In 2012, Congress passed the Magnitsky Act, which barred 18 Russians connected with the suspicious death of jailed Russian whistle-blower Sergei Magnitsky from entering this country. In essence, this law punishes the Russians for human rights abuses. The Obama administration opposed the bill, preferring to use methods that would not publicly embarrass the Russians and provoke them into another cycle of retaliation, which is precisely what did occur. They blacklisted 18 Americans and blocked all U.S. adoptions of Russian children, claiming that adoptees were routinely mistreated and that at least one had died from abuse. In addition, Russia's anti-gay legislation has drawn fire from most of the world's democracies.
These and many other events highlight an increase in tensions between the two countries. It seems that a large portion of that increase is attributable directly to Putin himself. His presidency is built on what Obama described as "more rhetoric on the Russian side that was anti-American, that played into some of the old stereotypes about the Cold War contest between the United States and Russia."
Several concrete issues, such as arms reduction or cooperation on dealing with terrorism, are being discussed at the ministerial level between secretaries John Kerry and Chuck Hagel and their Russian counterparts. At least at this level, diplomats are trying to give the impression of business-as-usual; foreign minister Sergei Lavrov tried to spin Obama's cancellation by saying that the one-on-one meeting had merely been "postponed."

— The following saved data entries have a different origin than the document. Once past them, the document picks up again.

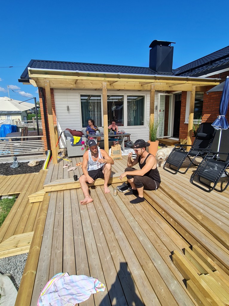 När vi sen vid 21 kom hem från Annika och Tomas så städade jag gården, slängde i klorbyttorna i poolen och täckte den. Satt sen med Larry och pustade ut i soffan på altan, det var en vacker kväll. Jag bara älskar var nya altan ❤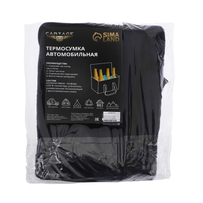 Термосумка Cartage Т-10, черная, 18 л, 35х21х24 см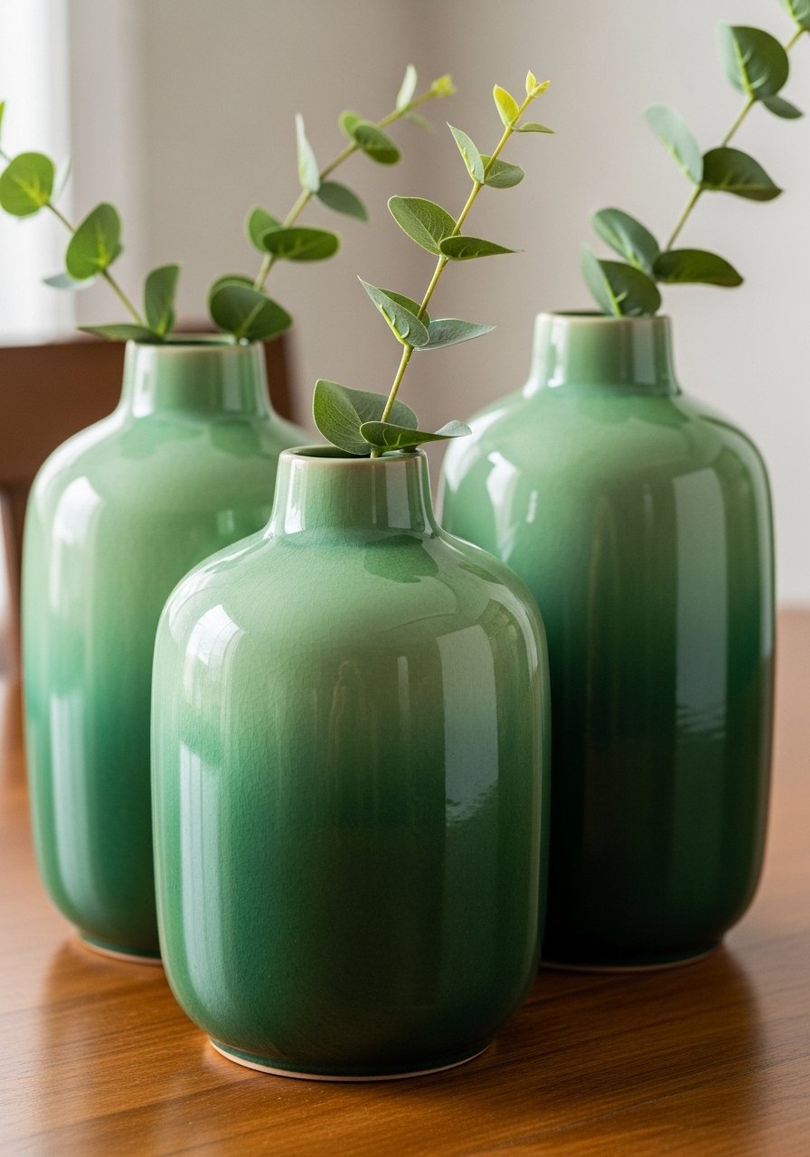 A set of three green ombre vases acts as a quiet centerpiece without shouting. I place them in odd numbers and vary height—12, 9, and 6 inches—to follow visual rhythm rules. Use simple foliage like eucalyptus or olive branches. Common mistake: filling every vase; leave one empty for negative space. These vases add subtle green and ceramic warmth, pairing nicely with oak tables and woven placemats for a farmhouse-meets-modern feel.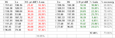 These numbers are just averages, there are always outliers and the current decline is unprecedented at least in my 16 year trading experience. If you are attempting to latch onto a counter trend rally remember that it is a high risk strategy, you must wait for price to confirm a possible turn before getting involved and then manage risk. As we saw today, there were many reasons to think the market would reverse higher, but those reasons were quickly dismissed by the market as prices faded in the last hour. Do not stubbornly hold when the market tells you to sell as it did today, there is always tomorrow to try again if you still have your capital intact.
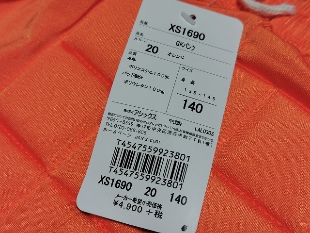 【新品】定価4900円 asics/アシックス 子供 パッド付 ゴールキーパー ハーフパンツ XS1690【140】橙◆タンパン サッカー キーパー スノボ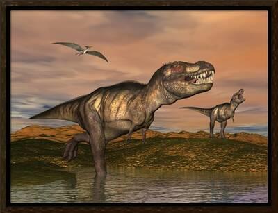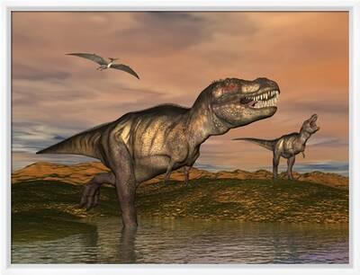 Tyrannosaurus Rex Dinosaurs with Pteranodon Bird Flying Above' Art ...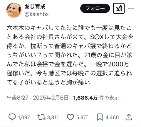 【悲報】X女子「キャバ嬢やってた時に一晩2000万円で枕した記憶、今もこれされてる子がいると思うと胸が痛い…」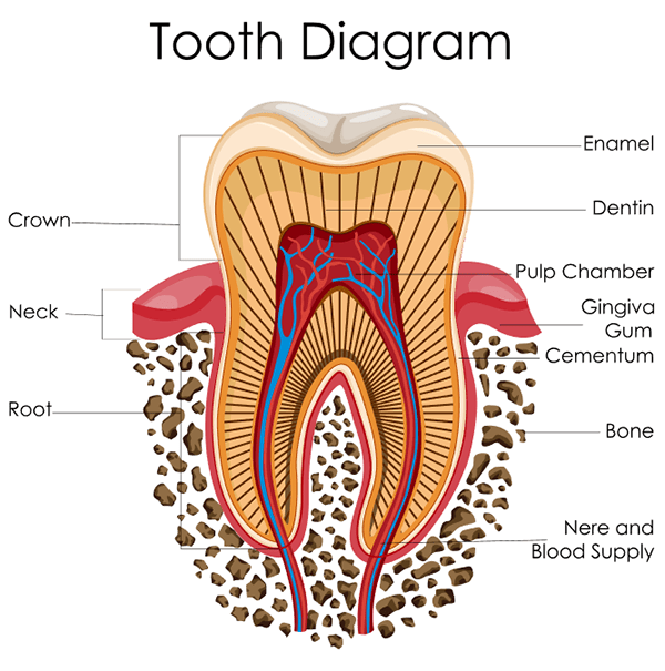 To discuss causes, we first must understand the basics of tooth structure. The crown of a tooth, the part above the gumline, is covered with enamel. Enamel is the hardest substance in your body. The root of a tooth isn’t covered with enamel, but with cementum. Cementum is “softer,” or less calcified than enamel. Below the outside protective layers of the enamel of the tooth crown and cementum of the tooth root, is dentin. Dentin is filled with tiny tubules, like tunnels, with microscopic nerve endings that extend to the inner portion of the tooth, the pulp. The pulp chamber contains larger nerves and blood vessels.
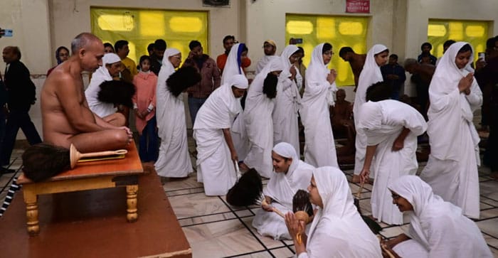 आगरा। भावलिंगी संत श्रमणाचार्य श्री 108 विमर्शमागर जी महामुनिराज धर्मनगरी आगरा के छीपीटोला श्री चन्द्रप्रभ जैन मंदिर विराग भवन में विराजमान हैं। आचार्य श्री विमर्शसागर जी महामुनिराज के पावन दर्शन के लिए गणिनी आर्यिका श्री आर्षमति माताजी पधारीं। आर्यिका श्री ने आचार्य भगवन के दर्शनकर भक्तिवश गुरुवर की त्रय परिक्रमा लगाकर द्वय चरण कमलों का पाद प्रक्षालन कर अपने मस्तक पर धारण किया। उपस्थित विशाल धर्मसभा के मध्य आर्यिका श्री ने गुरुवर के चरणों में श्रद्धा शब्द पुष्य समर्पित करते हुए कहा कि मेरा परम सौभाग्य पुण्य उदय में आया, जो आज मुझे भगवान के समान साक्षात् आचार्य गुरुवर के दर्शन प्राप्त हुए हैं।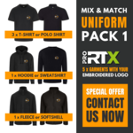 You get: A choice of 3 ProRTX Polo Shirts or T-Shirts (you can Mix n Match!), A ProRTX Hoodie or Sweatshirt and a ProRTX Fleece or Softshell Jacket!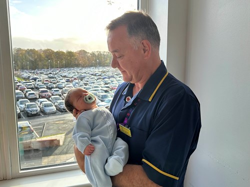 Dave Farmer, Head of Midwifery at Wirral University Teaching Hospital holding newborn Noah Taylor Upton-Price on the Maternity Day Ward at Wirral Women and Children's Hospital.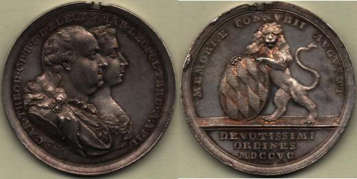 Karel Theodor a Marie Leopoldina - svateb. jeton 1795 - dvojportrét zprava, opis / lev s bav.znakem, písmo, Ag 33mm, 14.571g, vylom.ouško, rysky, dr.vady razidla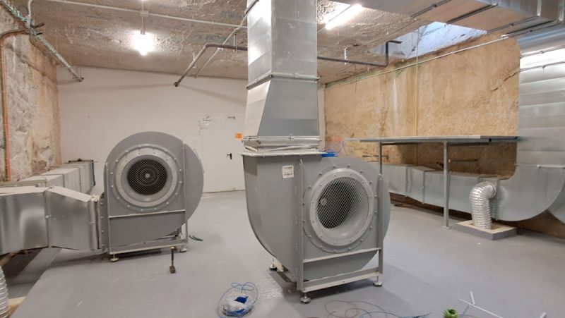 Two of the four fans installed in technical lofts for air renewal in the tunnel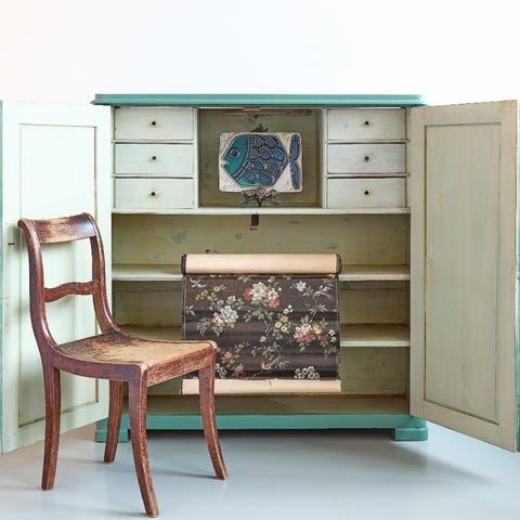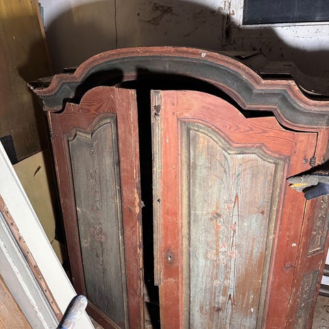 Korkea talonpoikaiskaappi Heinolasta vuodelta 1824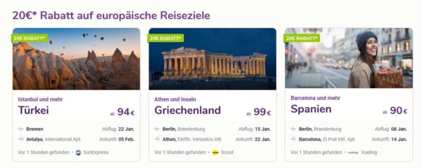 - Rabatt: 20€ auf Rückflüge innerhalb der EU (außer Türkei)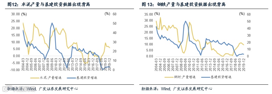 16-18年的基建周期中,宏微观数据有一定程度背离。我们看到宏观指标快速下降而上市公司数据仍然平稳,,微观指标如挖掘机销量、钢铁、水泥产量一度比较活跃。基建投资完成额这一指标的数据有效性在2018年之后可能有所降低。这也印证了前面我们所说的统计制度改革与数据挤水分带来的影响。

Perhaps Putin's rhetoric is directed toward a Russian domestic audience to build up support for what seems to be his cult of personality. Maybe he sees relations between the two countries as a zero-sum game, where one side's wins come at the other's expense. It's tough to know just what the former KGB officer's real motives are. But whatever they are, it is to everyone's advantage for cooperation between the United States and Russia to be more than cosmetic.